Мать Порфирія была изъ крѣпостныхъ, — дѣло, какъ ведите, было очень давно и принадлежитъ къ числу казусовъ, сданныхъ въ архивъ. Сначала дѣвочка Глаша играла съ барышней и барчонкомъ и отъ нихъ научилась грамотѣ, ариѳметикѣ и клочкамъ другихъ наукъ; потомъ барышню отдали въ институтъ, барченка въ гимназію, а Глашу засадили въ дѣвичью, и она плела по цѣлымъ днямъ кружева или вышивала прошивки, воротнички, нарукавнички и изрѣдка, во время отсутствія господъ, урвавшись на свободу, въ село, смотрѣла на хороводы, присутствовала на посидѣлкахъ. Молодая, стройная, здоровая, она была типомъ тѣхъ дѣвушекъ, которыя расцвѣтали въ дѣвичьихъ старыхъ, хорошихъ помѣщичьихъ домовъ. Не было у нея ни особеннаго горя, ни особенныхъ желаній; всегда она была сыта, находилась въ теплой, сухой комнатѣ, пользовалась расположеніемъ добрыхъ, простыхъ господъ и, конечно, не заглядывала со страхомъ впередъ, такъ какъ впереди не предстояло особенныхъ печалей: ее ждало мѣсто горничной при молодой доброй барышнѣ, а тамъ — ну, нянькой сдѣлаютъ, въ ключницы произведутъ, какой-нибудь любимецъ барина камердинеръ на ней женится… Наконецъ, пришли годы, когда барышня вышла изъ института, — господа поднялись съ насиженнаго гнѣзда, поѣхали въ Петербургъ и взяли съ собой Глашу. Поселились господа въ «большомъ домѣ». Столичный блескъ и шумъ, балы у господъ, привѣтливость молодой институтки-барышни, ласковость молодого барина-студента, росшаго тоже съ Глашей, общія воспоминанія о далекомъ дѣтствѣ, почетъ и заискиванье со стороны бѣдныхъ жильцовъ большого дома, — все это вмѣстѣ заставило Глашу успокоиться и осушить слезы по деревенскомъ углѣ, гдѣ жилось такъ тихо и мирно, гдѣ плылъ такой свѣжій воздухъ въ окна, гдѣ то соловей вечеромъ пѣлъ за густымъ малинникомъ, то издалека слышались ухарскіе звуки балалайки и пѣсни какого-нибудь парня, или звенѣли бубенцы на большой дорогѣ все ближе и ближе и заставляли молодое сердце биться непонятнымъ любопытствомъ: кто это тамъ ѣдетъ? мимо или къ намъ? если къ намъ, то надолго ли? можетъ-быть, это молодой баринъ?.. Въ Петербургѣ, сходя по черной лѣстницѣ, Глаша часто встрѣчалась съ какимъ-то вертлявымъ, припомаженнымъ юношей, постоянно отдававшимъ ей поклонъ.
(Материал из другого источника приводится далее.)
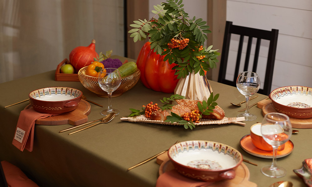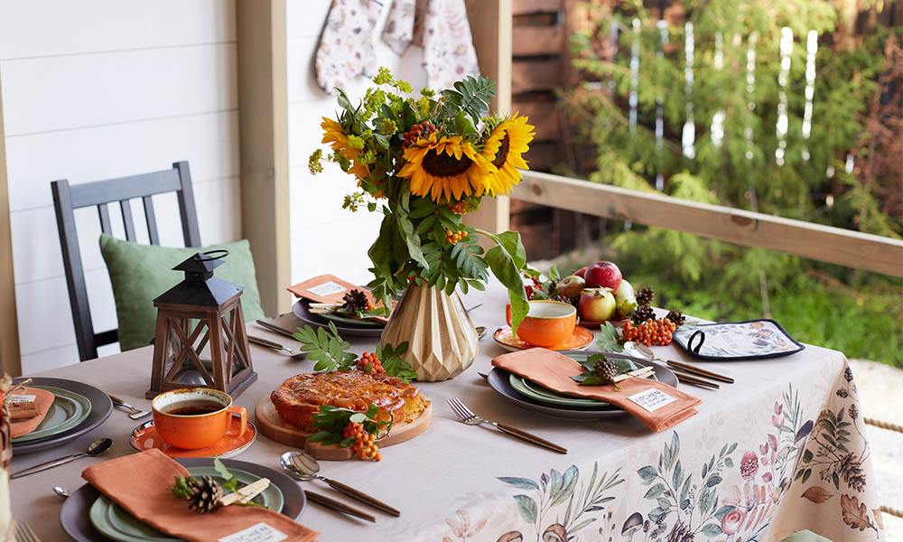 Преобразить помещение так, чтобы вечера стали душевными, а встречи с близкими по-особенному тёплыми — легко! Красивая скатерть в приглушённых тонах, а также тематические прихватки и полотенца создадут нужную атмосферу.

— Наше вамъ-съ почтеніе, — говорилъ кавалеръ, наотмашь снимая фуражку и шаркая по-господски ногою.
— Здравствуйте, — сухо кланялась Глаша.
— Что рѣдко изволите выходить-съ, осмѣлюсь сдѣлать вопросъ?
— Мнѣ и въ комнатахъ хорошо.
— Это показываетъ вашу безчувственность, потому что есть люди, которымъ ваше отсутствіе причиняетъ печаль.
Глаша хихикала надъ вычурными фразами кавалера и, слыша его тяжелый, похожій на сопѣнье вздохъ, спрашивала, убѣгая въ комнату:
— У васъ, вѣрно, насморкъ?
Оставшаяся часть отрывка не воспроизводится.